B. Heightened Pleading Standard
Section 10(b) of the Securities Exchange Act of 1934 provides that it is unlawful “[t]o use or employ, in connection with the purchase or sale of any security registered on a national securities exchange or any security not so registered . . . any manipulative or deceptive device or contrivance ....” 15 U.S.C. § 78j(b). Under this section, the SEC promulgated Rule 10b-5, which makes it unlawful, among other things, “[t]o make any untrue statement of a material fact or to omit to state a material fact necessary in order to make the statements made, in the light of the circumstances under which they were made, not misleading.” 17 C.F.R. § 240.10b-5(b). To prevail on a claim for violations of either Section 10(b) or Rule 10b-5, a plaintiff must prove six elements: “(1) a material misrepresentation or omission by the defendant; (2) scienter; (3) a connection between the misrepresentation or omission and the purchase or sale of a security; (4) reliance upon the misrepresentation or omission; (5) economic loss; and (6) loss causation.” Stoneridge Inv. Partners, LLC v. Scientific-Atlanta, Inc., 552 U.S. 148, 157 (2008). At the pleading stage, a complaint alleging claims under Section 10(b) and Rule 10b-5 must not only meet the requirements of Federal Rule of Civil Procedure 8, but also satisfy the heightened pleading requirements of both Federal Rule of Civil Procedure 9(b) and the Private Securities Litigation Reform Act (“PSLRA”). In re Rigel Pharm., Inc. Sec. Litig., 697 F.3d 869, 876 (9th Cir. 2012). Under Rule 9(b), claims alleging fraud are subject to a heightened pleading requirement, which requires that a party “state with particularity the circumstances constituting fraud or mistake.” Fed.R.Civ.P. 9(b). Additionally, all private securities fraud complaints are subject to the “more exacting pleading requirements” of the PSLRA, which require that the complaint plead with particularity both falsity and scienter. Zucco Partners, LLC v. Digimarc Corp., 552 F.3d 981, 990 (9th Cir. 2009), as amended (Feb. 10, 2009).
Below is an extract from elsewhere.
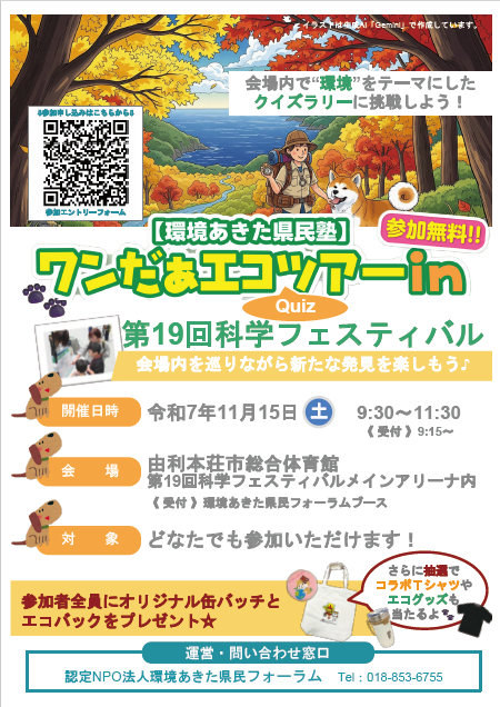 秋田県地球温暖化防止活動推進センターは、11月15日(土)に由利本荘市で開催される「第19回科学フェスティバル」において、環境学習イベント「ワンだぁエコQuizツアー」を実施します。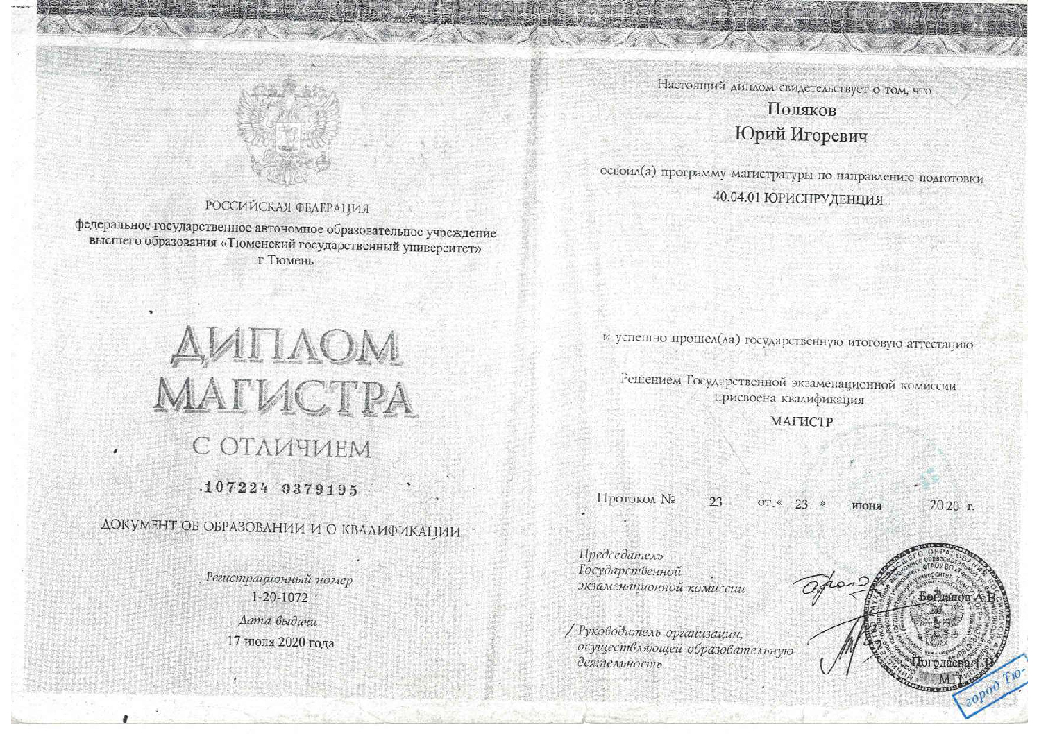 Окончил бакалавриат и магистратуру ТюмГУ по направлению «Юриспруденция».

III. REQUEST FOR INCORPORATION BY REFERENCE AND JUDICIAL NOTICE
Defendants request that the Court incorporate by reference or take judicial notice of Exhibits 1-20 to the Declaration of Marie C. Bafus. Dkt. No. 52. Plaintiff requests that the Court take judicial notice of the consensus estimate from the Declaration of John T. Jasnoch. Dkt. No. 60.
A. Incorporation by Reference
In the Ninth Circuit, incorporation by reference is a doctrine that “treats certain documents as though they are part of the complaint itself.” Khoja v. Orexigen Therapeutics, 899 F.3d 988, 1002 (9th Cir. 2018). A document may be incorporated by reference into a complaint “if the plaintiff refers extensively to the document or the document forms the basis of the plaintiff's claim.” United States v. Ritchie, 342 F.3d 903, 908 (9th Cir. 2003). “Once a document is deemed incorporated by reference, the entire document is assumed to be true for purposes of a motion to dismiss, and both parties-and the Court-are free to refer to any of its contents.” In re NVIDIA Corp. Sec. Litig., 768 F.3d 1046, 1058 n.10 (9th Cir. 2014) (internal quotation marks and citation omitted). Although the truth of an incorporated document may not be considered solely to dispute well-pled facts, the Court need not accept as true conclusory allegations that are contradicted by documents referenced in the complaint. See In re Eventbrite, Inc. Securities Litigation, 2020 WL 2042078, at *7 (N.D. Cal. Apr. 28, 2020).
Defendants seek to incorporate Exhibits 1-15 and 18-20 from the Bafus Declaration into the Amended Complaint. Plaintiff does not contest incorporation by reference for Exhibits 1, 6-12 and 19, but opposes the remainder of Defendants' request. The Court finds that Exhibits 1-15, 18, and 19 are quoted or referred to extensively in the Amended Complaint and grants the request to incorporate these documents by reference.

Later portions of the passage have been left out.